Pundits and analysts tracking redistricting have focused largely on how redrawn congressional districts favor one party or the other, based on how residents voted in previous presidential elections. But districts are more than just head counts of Democrats and Republicans. They are dynamic places with unique histories, industries, businesses, cultures and traditions that are defined by much more than their partisan biases. Successful candidates and representatives recognize this, which is why they try to avoid carpetbagging whenever possible.

The politics of place are particularly important in an institution like the U.S. House, where boundaries shift often. Some incumbents are deeply rooted in their districts, while others are far less so. My forthcoming book explores the depth of legislators’ biographical history in the districts they represent. My research has included gathering community data on everyone who served in Congress from 2002 to 2020, including whether they were born, went to school, or established local businesses within their district boundaries.

I found that these local connections gave them serious boosts in their reelection efforts, and changed how they campaigned and communicated with their voters. Local roots have practical benefits, such as increasing authentic, homegrown name recognition for incumbents who have them. They also bestow symbolic benefits, such as giving voters the sense that an incumbent shares what political scientist Kal Munis calls their “place identity,” or a feeling that their representative is like them in ways that go beyond partisanship.

Redistricting might gain Republicans a few seats in Congress. Their real gains will be in state legislatures.

Local roots and incumbency in Congress

Most members of Congress do currently live in their districts, although they are not constitutionally required to — but since 2002, less than half have actually been born within their district boundaries, and only about 55 percent attended high school there. About a fifth have run a local business in the district, and about 60 percent got their college degree within their home state.

I combined these and similar factors into what I call a Local Roots Index to be able to measure the depth of each member’s roots. As you can see in the figure below, some incumbents are deeply rooted in their local communities, while many others are not.

Figure: Charles Hunt
Figure: Charles Hunt

These factors have major implications for redistricting. Few observers take note of individual members of Congress’s local roots, or consider how redistricting might sever or consolidate this advantage. Many pay attention to the fact that when districts change, incumbents often face voters who are friendlier or more hostile toward their party. But they also face more or less familiar electorates. Political scientists have shown, for example, that incumbents perform better after redistricting when their new districts retain more of the previous district’s voters, even after accounting for partisan balance.

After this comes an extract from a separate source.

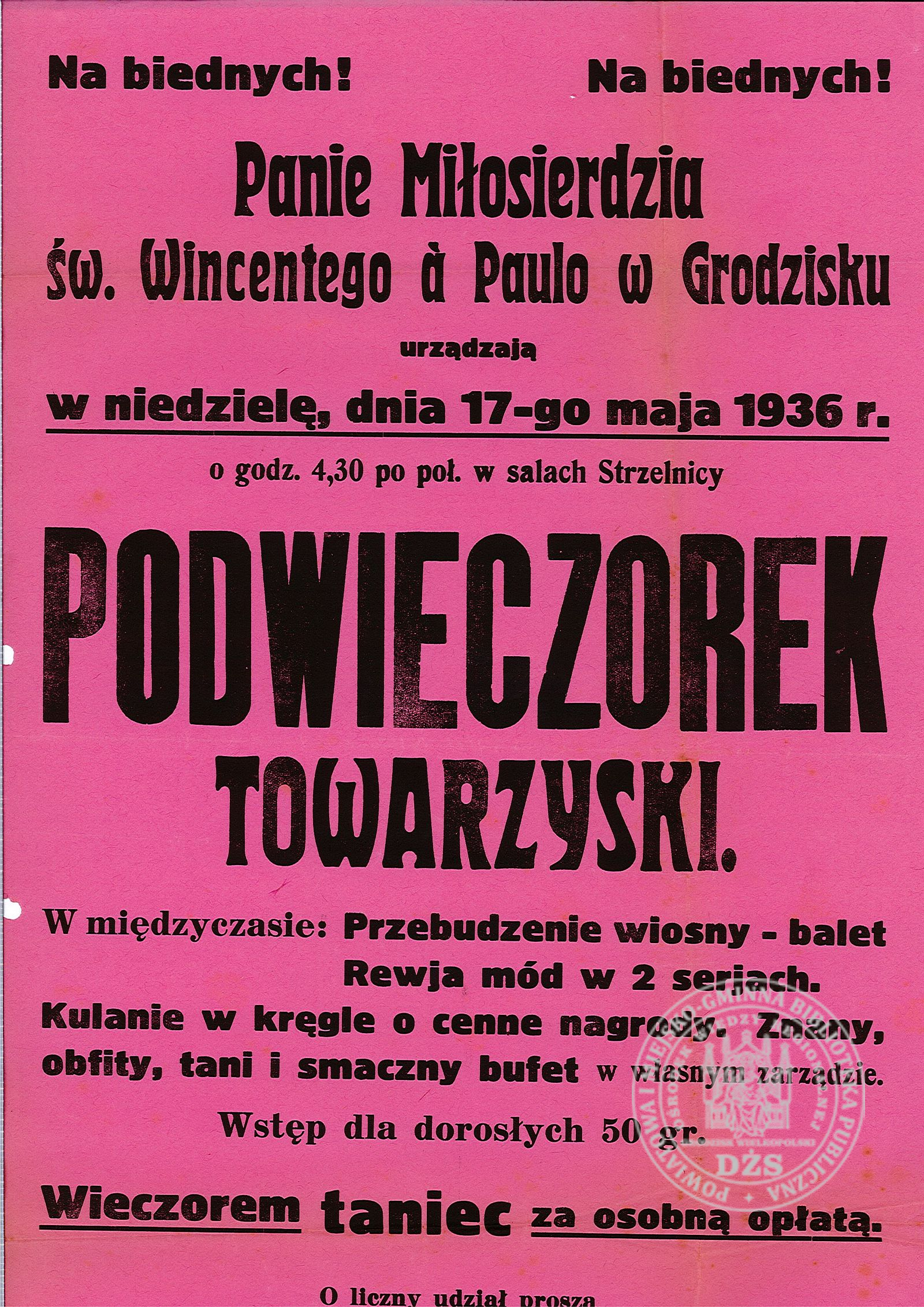 Plakat Stowarzyszenia Pań Miłosierdzia św Wincentego a Paulo. Podwieczorek towarzyski 17 maj 1936 r.

Similarly, when district lines change, members of Congress can be dispossessed from their native community. Incumbents might be deprived of the cities and towns in which they grew up, went to high school or college, or built their professional reputations.

This can spell electoral disaster. Incumbents facing these redistricting-specific changes suffer at the ballot box, my research finds, and are often forced to run very different kinds of campaign operations and spend more reelection funds in response — even when a district’s partisan makeup remains the same.

This is particularly important when two incumbents face off in a primary. In a recent paper, I found that incumbents with deep local ties enjoy a several-point advantage against members of the same party, and are less than half as likely as their carpetbagging counterparts to attract a challenger in the first place.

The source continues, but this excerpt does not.